'''
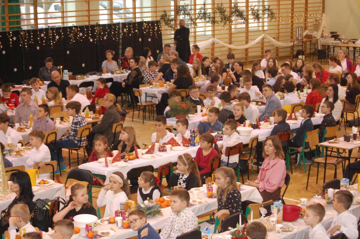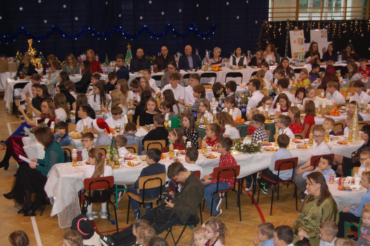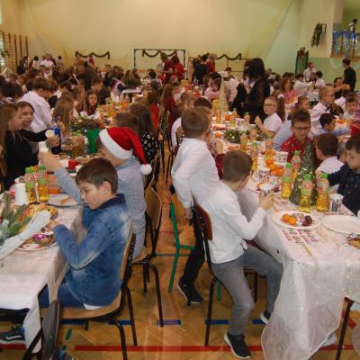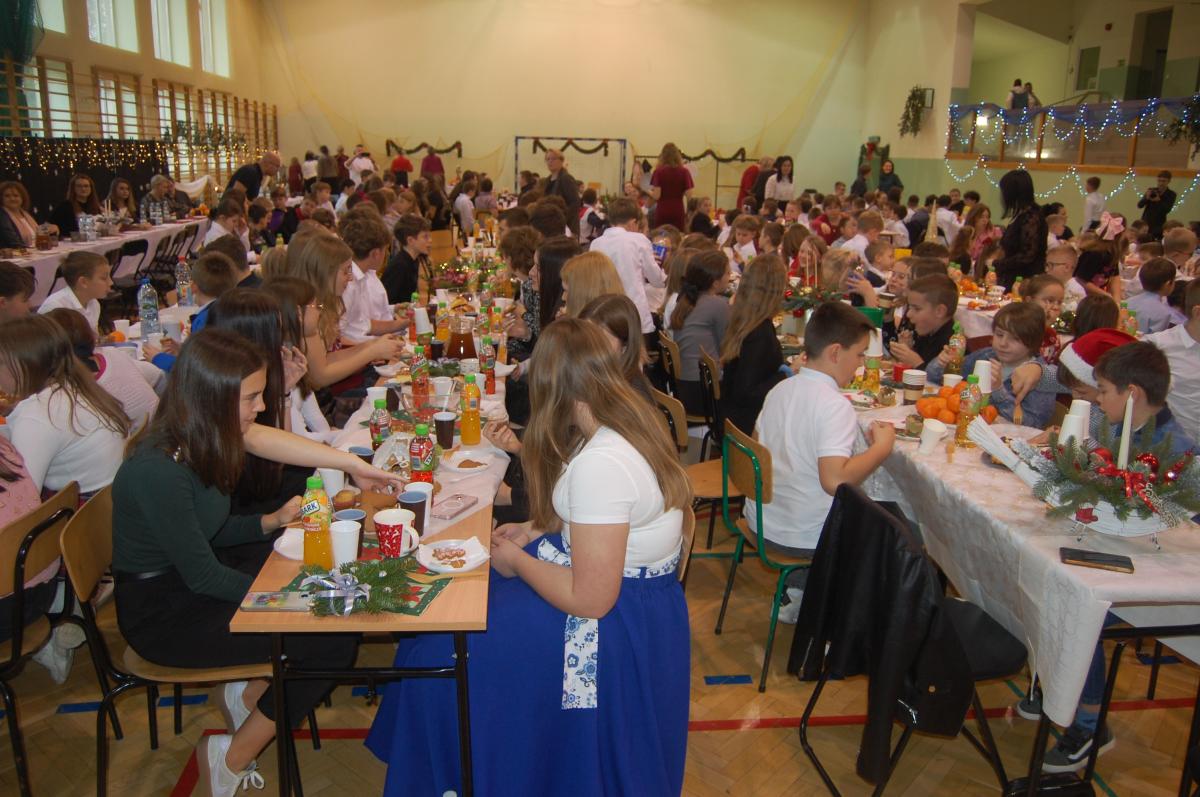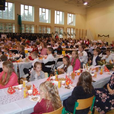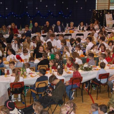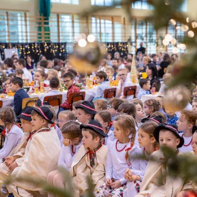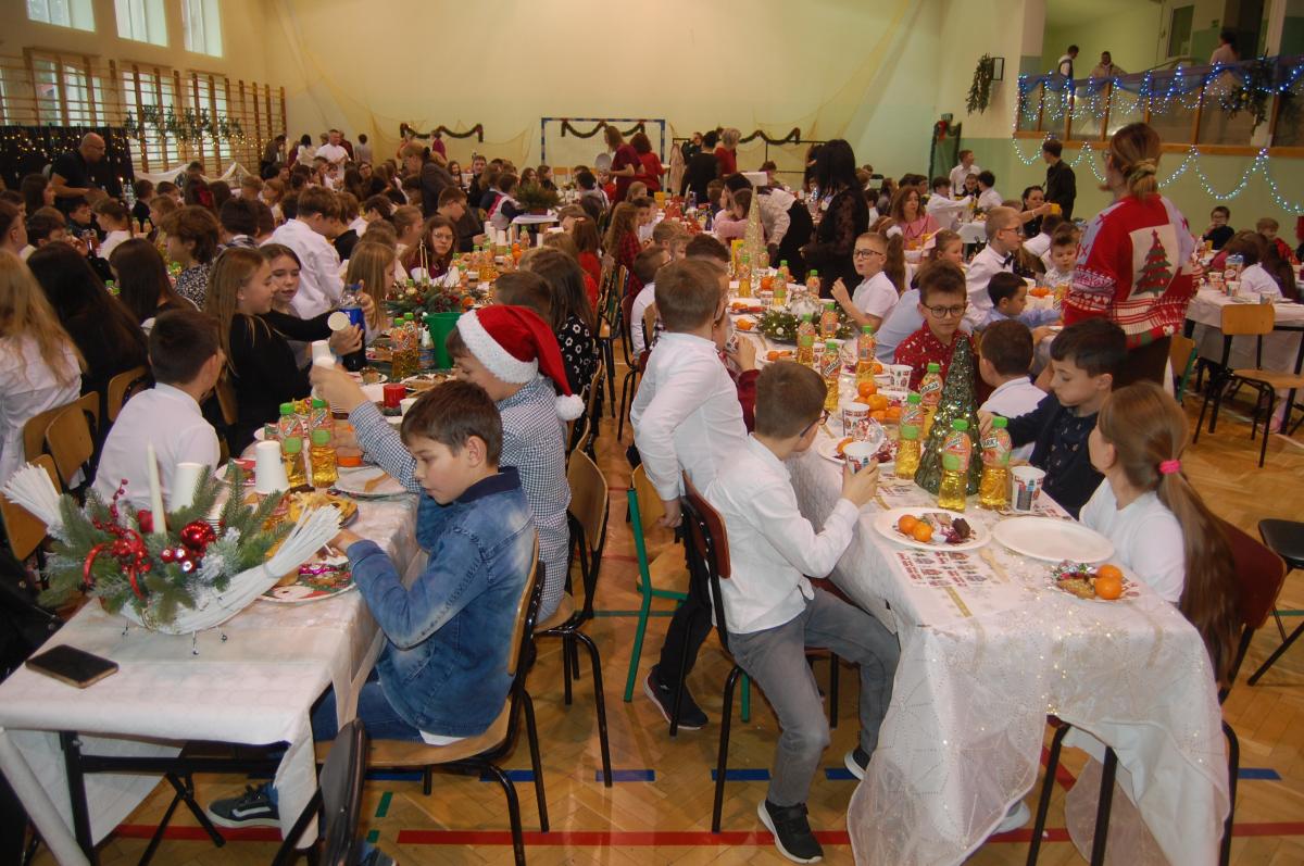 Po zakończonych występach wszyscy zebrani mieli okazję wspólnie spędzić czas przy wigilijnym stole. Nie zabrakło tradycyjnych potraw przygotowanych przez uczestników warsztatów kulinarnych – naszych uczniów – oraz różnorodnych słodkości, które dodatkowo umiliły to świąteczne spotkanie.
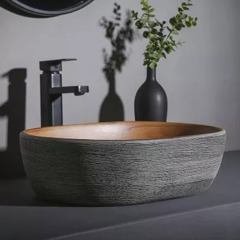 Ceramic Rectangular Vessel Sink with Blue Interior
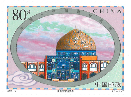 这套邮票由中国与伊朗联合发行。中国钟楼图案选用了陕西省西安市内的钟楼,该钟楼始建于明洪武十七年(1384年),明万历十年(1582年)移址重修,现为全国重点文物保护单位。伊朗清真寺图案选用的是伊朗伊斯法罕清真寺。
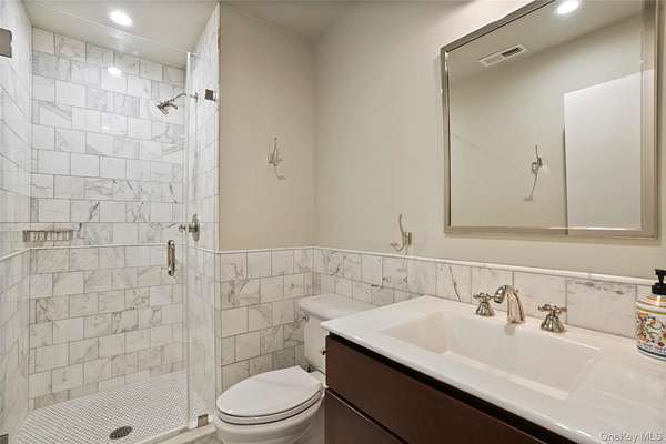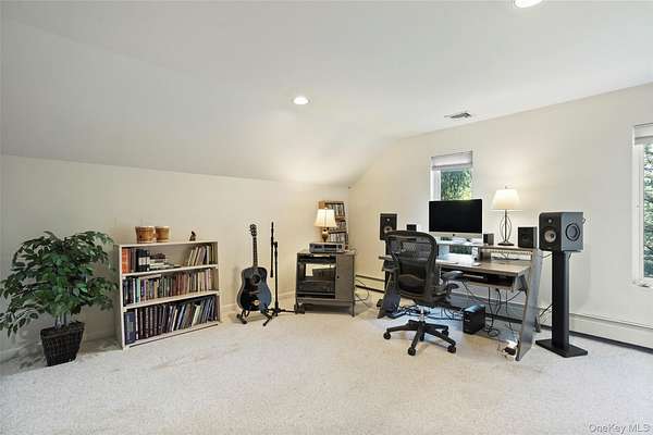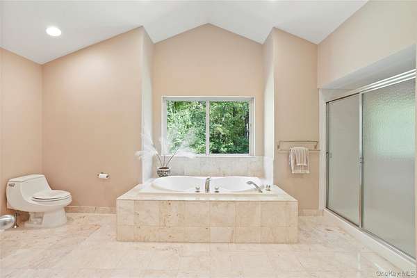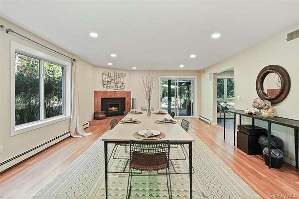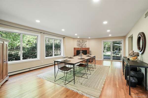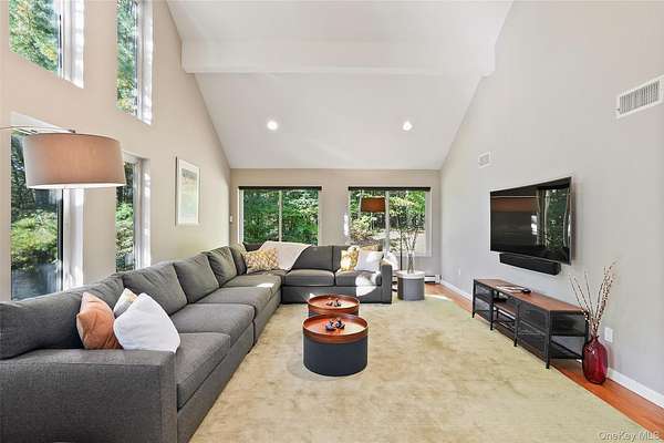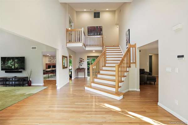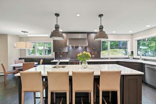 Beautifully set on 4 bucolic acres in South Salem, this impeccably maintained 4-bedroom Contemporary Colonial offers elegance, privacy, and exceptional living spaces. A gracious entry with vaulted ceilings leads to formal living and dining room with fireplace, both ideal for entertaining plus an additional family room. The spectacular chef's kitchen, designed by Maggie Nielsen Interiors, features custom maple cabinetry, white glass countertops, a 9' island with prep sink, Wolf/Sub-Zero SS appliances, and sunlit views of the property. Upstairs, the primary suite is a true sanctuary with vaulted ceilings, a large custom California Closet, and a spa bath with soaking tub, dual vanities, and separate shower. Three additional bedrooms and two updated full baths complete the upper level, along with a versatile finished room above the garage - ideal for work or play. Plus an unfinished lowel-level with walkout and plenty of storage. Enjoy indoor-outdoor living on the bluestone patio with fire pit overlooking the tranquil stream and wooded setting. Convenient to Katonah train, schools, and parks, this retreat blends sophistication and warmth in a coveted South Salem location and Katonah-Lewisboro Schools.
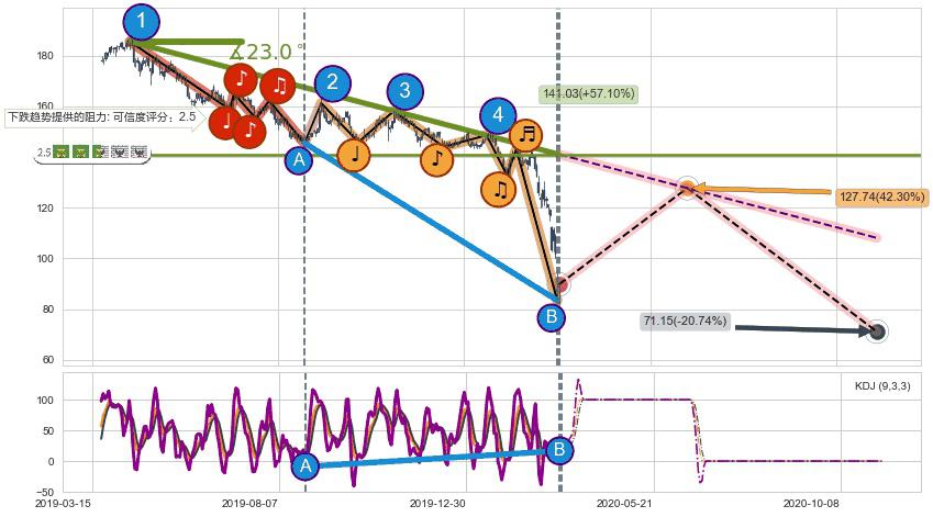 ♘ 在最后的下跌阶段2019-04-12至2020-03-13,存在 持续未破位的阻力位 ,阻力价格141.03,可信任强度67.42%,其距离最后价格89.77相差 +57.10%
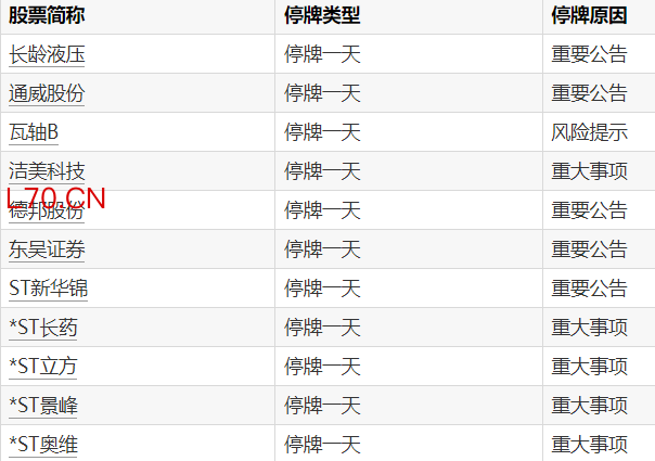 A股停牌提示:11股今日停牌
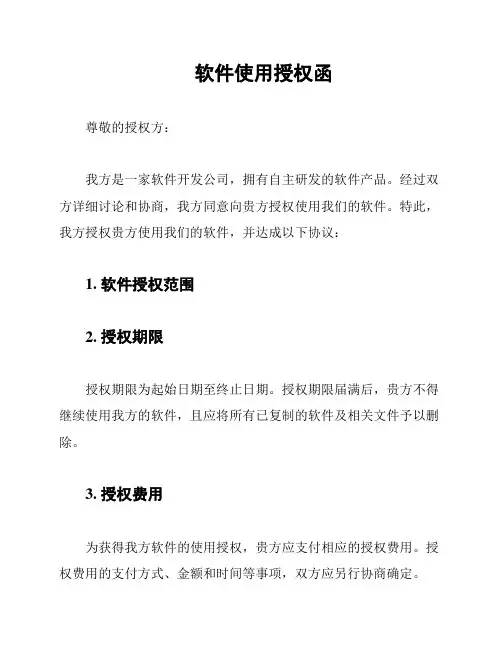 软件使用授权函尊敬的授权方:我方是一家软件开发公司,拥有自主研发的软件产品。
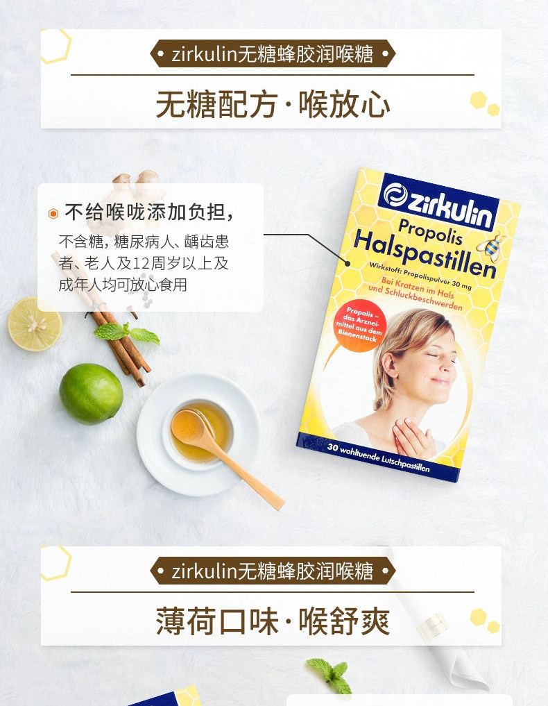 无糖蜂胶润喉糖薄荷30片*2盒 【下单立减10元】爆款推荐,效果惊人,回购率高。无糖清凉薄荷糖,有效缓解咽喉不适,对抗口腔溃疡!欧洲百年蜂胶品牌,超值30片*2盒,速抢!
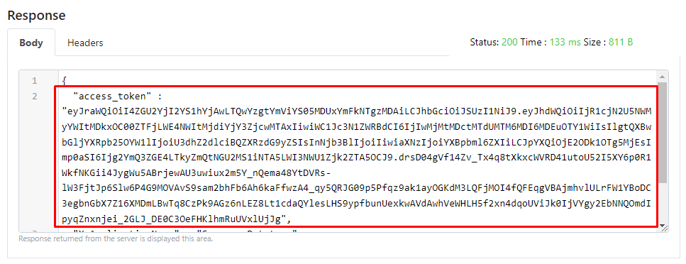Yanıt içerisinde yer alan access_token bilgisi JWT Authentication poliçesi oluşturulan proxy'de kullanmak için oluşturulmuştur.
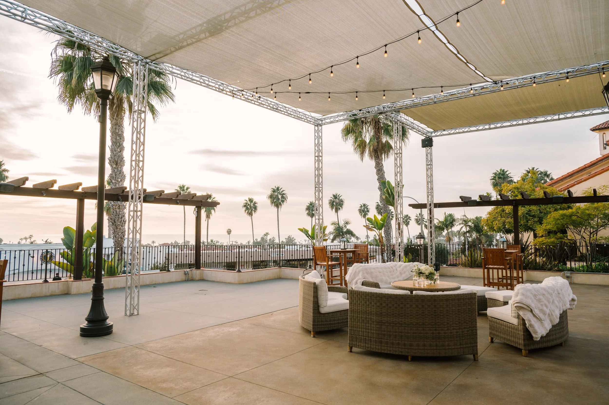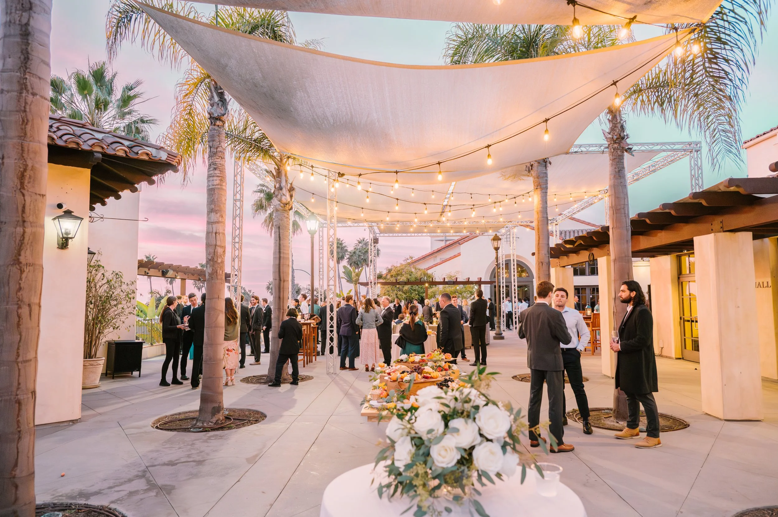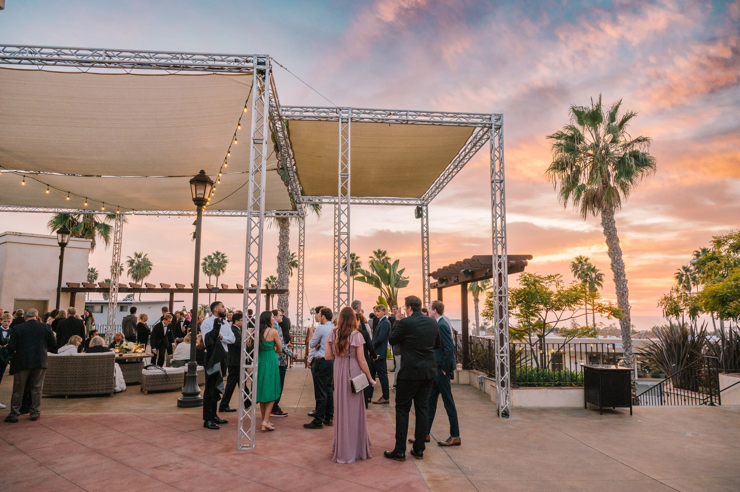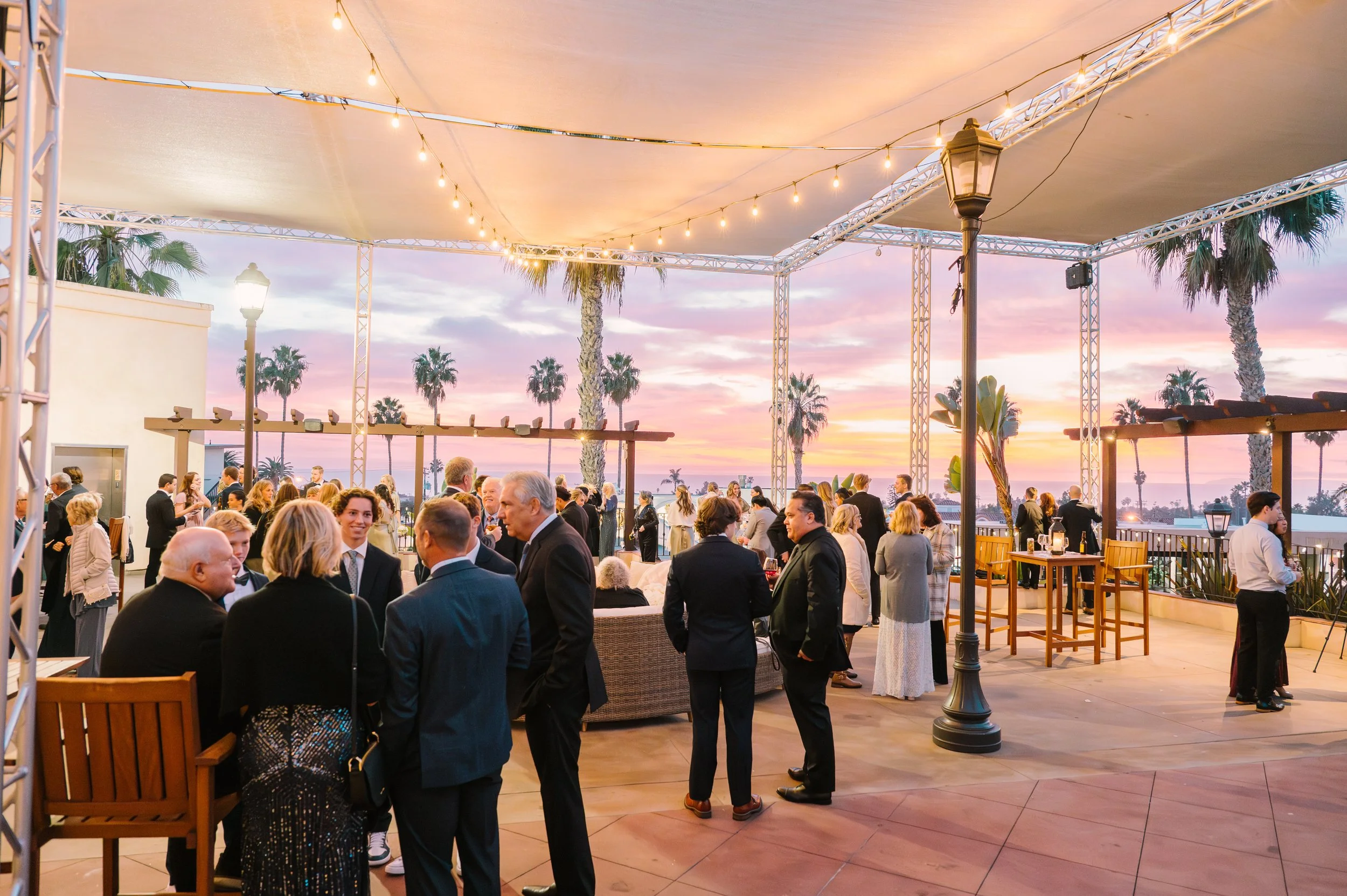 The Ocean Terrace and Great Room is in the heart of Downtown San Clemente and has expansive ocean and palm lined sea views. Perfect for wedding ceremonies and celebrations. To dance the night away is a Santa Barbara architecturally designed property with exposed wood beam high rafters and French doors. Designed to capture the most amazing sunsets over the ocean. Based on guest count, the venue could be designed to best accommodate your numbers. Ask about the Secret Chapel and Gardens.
'''
**Assigned task:** Starting at the first line of the records above, set down each line exactly through the one that holds "Yanıt içerisinde yer". Omit pictures.

**Solution to this task:**
 Po zakończonych występach wszyscy zebrani mieli okazję wspólnie spędzić czas przy wigilijnym stole. Nie zabrakło tradycyjnych potraw przygotowanych przez uczestników warsztatów kulinarnych – naszych uczniów – oraz różnorodnych słodkości, które dodatkowo umiliły to świąteczne spotkanie.
 Ceramic Rectangular Vessel Sink with Blue Interior
 这套邮票由中国与伊朗联合发行。中国钟楼图案选用了陕西省西安市内的钟楼,该钟楼始建于明洪武十七年(1384年),明万历十年(1582年)移址重修,现为全国重点文物保护单位。伊朗清真寺图案选用的是伊朗伊斯法罕清真寺。
 Beautifully set on 4 bucolic acres in South Salem, this impeccably maintained 4-bedroom Contemporary Colonial offers elegance, privacy, and exceptional living spaces. A gracious entry with vaulted ceilings leads to formal living and dining room with fireplace, both ideal for entertaining plus an additional family room. The spectacular chef's kitchen, designed by Maggie Nielsen Interiors, features custom maple cabinetry, white glass countertops, a 9' island with prep sink, Wolf/Sub-Zero SS appliances, and sunlit views of the property. Upstairs, the primary suite is a true sanctuary with vaulted ceilings, a large custom California Closet, and a spa bath with soaking tub, dual vanities, and separate shower. Three additional bedrooms and two updated full baths complete the upper level, along with a versatile finished room above the garage - ideal for work or play. Plus an unfinished lowel-level with walkout and plenty of storage. Enjoy indoor-outdoor living on the bluestone patio with fire pit overlooking the tranquil stream and wooded setting. Convenient to Katonah train, schools, and parks, this retreat blends sophistication and warmth in a coveted South Salem location and Katonah-Lewisboro Schools.
 ♘ 在最后的下跌阶段2019-04-12至2020-03-13,存在 持续未破位的阻力位 ,阻力价格141.03,可信任强度67.42%,其距离最后价格89.77相差 +57.10%
 A股停牌提示:11股今日停牌
 软件使用授权函尊敬的授权方:我方是一家软件开发公司,拥有自主研发的软件产品。
 无糖蜂胶润喉糖薄荷30片*2盒 【下单立减10元】爆款推荐,效果惊人,回购率高。无糖清凉薄荷糖,有效缓解咽喉不适,对抗口腔溃疡!欧洲百年蜂胶品牌,超值30片*2盒,速抢!
Yanıt içerisinde yer alan access_token bilgisi JWT Authentication poliçesi oluşturulan proxy'de kullanmak için oluşturulmuştur.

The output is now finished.